黑夜读不懂他的痛,月亮更是不屑去读他,月亮该高高挂在天上皎洁,可他爱她,他想要她,她不要,于是他更想玷.污她。
实在不行,一起下地狱也是甜蜜。
和以往相比,裴池更为阴沉疯狂,仿佛身下有个黑洞吸着他,不断往下坠落。
只有她能救他。
叶才英也不是看不明白。
他有些担心,再这么发酵下去,他真的就病了。
他叹了口气,犹豫须臾,还是支了一招:“要不,你用点激进的手段吧?”
裴池转头看他,目光阴鸷:“你什么意思?”
“烈女怕缠郎啊,女孩子嘛,软磨硬泡很见效的。”叶才英扬了扬下巴,也有些迟疑:“你看陆京燃,不就死皮赖脸的,现在就吃到甜头了啊。”
“……”
“雪烟这样的姑娘,缺爱得很,你得对症下药啊。”
裴池瞳孔猛地一缩,也怔了半晌,最后冷下脸来,下颚线绷紧,嗓子眼也像夹冰,挤出几个字:“我和他不一样。”
叶才英都服了,举起双手,“行行行,你们不一样。别烦了,走走走,我请你喝酒。”
裴池想说些什么,牙关却紧咬住,腮颊的肌肉抽动着,最终垂下眼,深深吐一口气,恢复平常忧郁冷淡的模样。
他跟了上去,面色不改,心底深处却掀起惊涛骇浪,是一场铺天盖地的海啸,陪他无声又绝望地咆哮。
可他安静地在喧嚣的人潮穿行,除了他自己,没有任何人知道。
……
陆京燃带雪烟去了个会所。
外头看着高端,进门就是灯红酒绿的,暧昧与混乱并行,全是披着人皮的牛鬼蛇神。
室内乌烟瘴气的,闷着酒味人味和尼古丁刺鼻的怪味,让人不太舒服。
耳边有热浪卷来,吵得人头晕脑胀。
这是雪烟第二次进这样的地方。
她不太习惯这样的地方,但该做的事,还没做,她暂且没有异议,就什么都没说。
里面场地很大,居然还有电梯,楼层很高。
她跟着他进去,陆京燃摁下5楼的按键,门关上,那些火热混乱的声音都无法近身了。
雪烟有几分慌张,按下被dj隐约震得发麻的心脏,缓了下呼吸,“我们来这干吗呀?”
“教你玩台球。”
台球?
她又不是很感兴趣,雪烟没来得及问,电梯门打开。
精致高贵的装潢闯入眼帘,耳边骤然静下来,雪烟还不太习惯,她跟着他往右拐,脚底下的红地毯柔软厚重,像踩着云朵,软绵绵的,有些失重感。

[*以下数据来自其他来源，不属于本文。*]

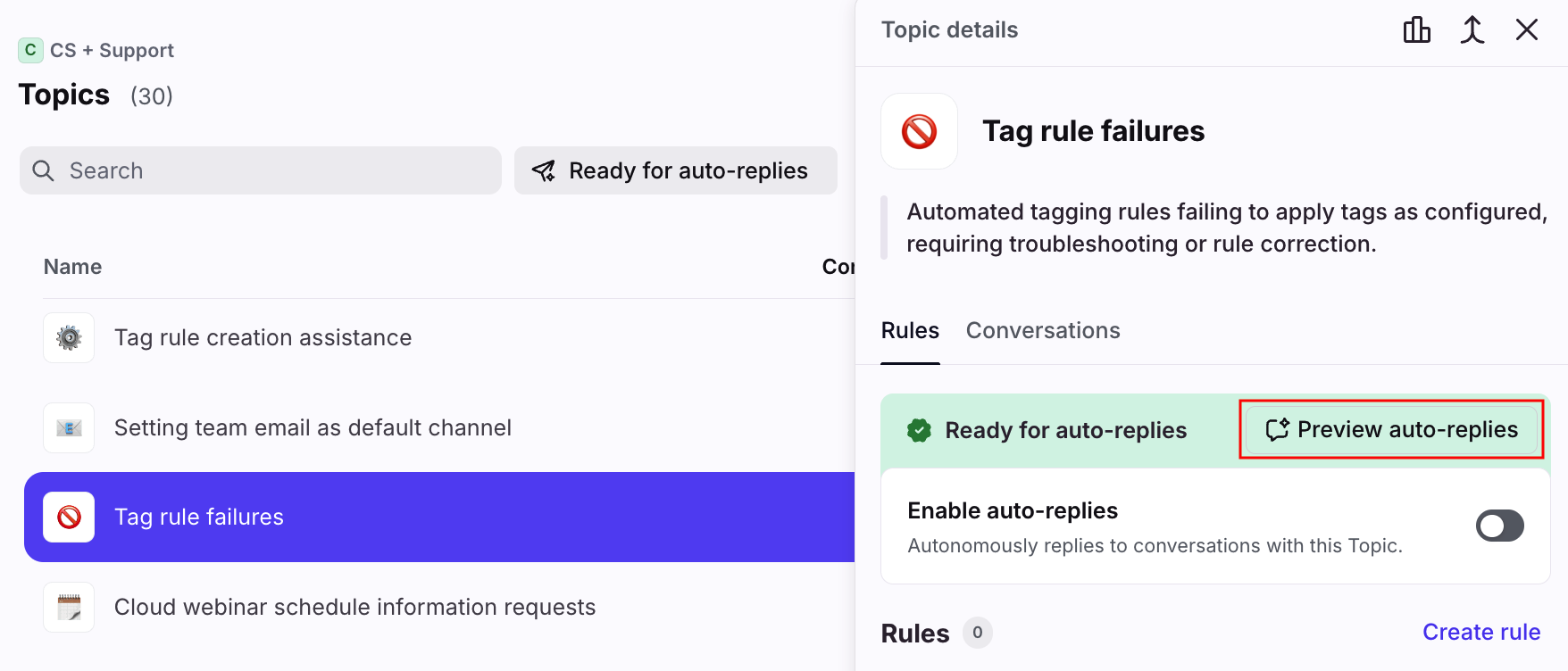 Select the Topic you’d like to manage, then click Preview auto-replies.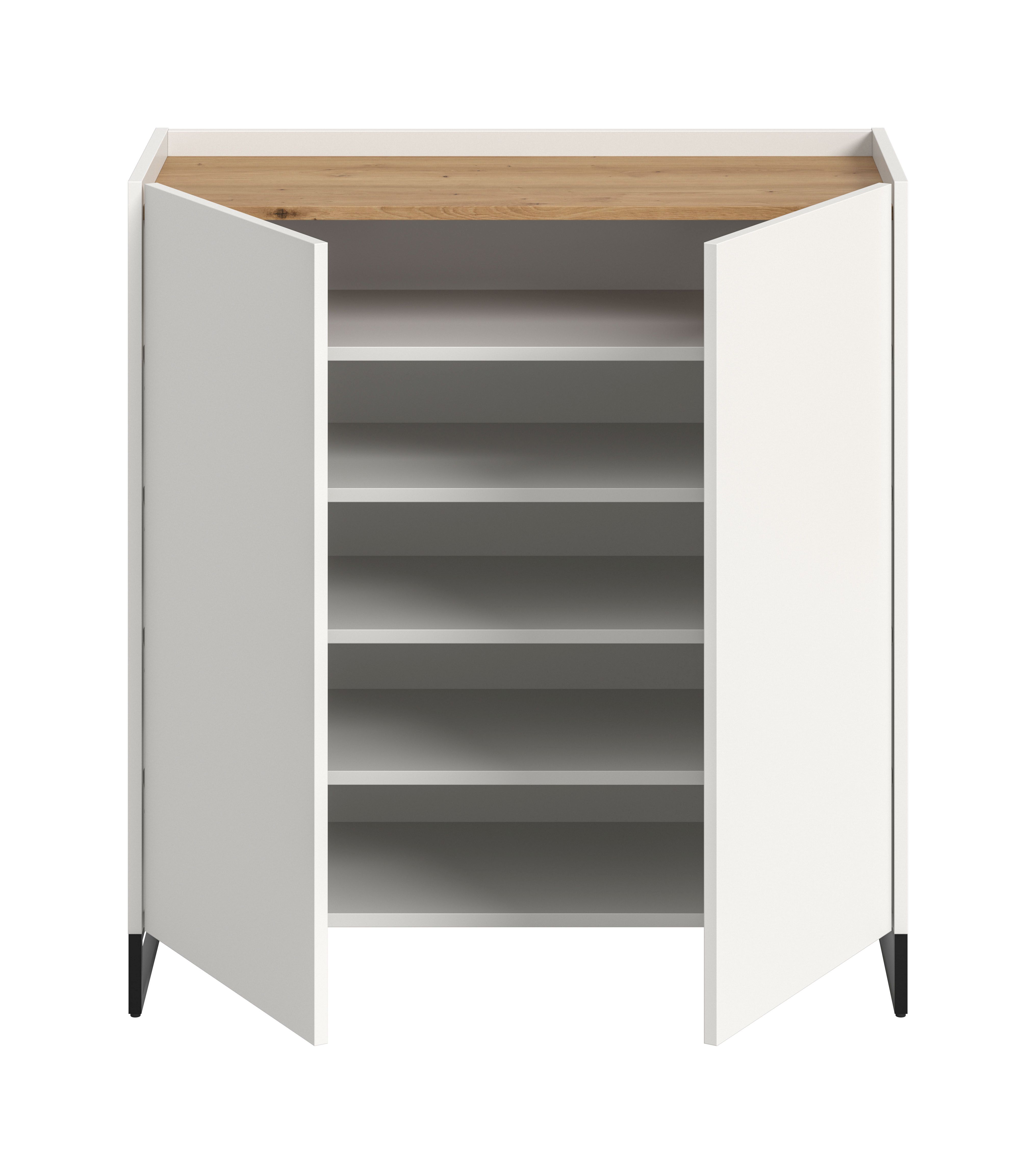 Ce meuble à chaussures (LxHxP) 90 x 97 x 38 cm en décor blanc et chêne Artisan offre de la place pour environ 18 paires de chaussures grâce à ses 2 portes, 4 tablettes réglables en hauteur et 5 compartiments fermés. Fabriqué en bois composite certifié FSC®, il contribue à la protection des forêts et s’inscrit dans une démarche de durabilité. Sa surface facile d’entretien et son montage rapide en font un meuble particulièrement pratique au quotidien. Associez-le à d’autres éléments de la même série pour créer une entrée harmonieuse et bien organisée. La solution idéale pour faire régner ordre et style dans votre couloir.

到了走廊的尽头,一扇雕花精致的大门,是个包厢,安静而陌生,像另外一个世界。
雪烟按捺下紧张的情绪,满脑子在想,等会摊牌,她第一句话该说什么比较合适。
陆京燃没注意到她的情绪,打开门,里面居然有人。
一群人聚着打台球,听见声响,所有人都懵逼地看过来。说话声、台球撞击声像乱了套的鼓点,瞬间按下暂停。
他们反应几秒,直起身叫人,“燃哥,你来了。”
招呼声此起彼伏,陆京燃在这群人里,明显很有地位。
陆京燃手还放在把手上,皱眉道:“你们怎么在这?”
有人怕他生气,急着解释:“兄弟几个闲着无聊,手痒得紧,就借你的包厢打发打发时间。”
陆京燃倒没生气。
这群都是圈内的少爷,从小都认识,关系不算亲厚,碍于父母关系,但也算熟悉,勉强算得上是酒肉朋友。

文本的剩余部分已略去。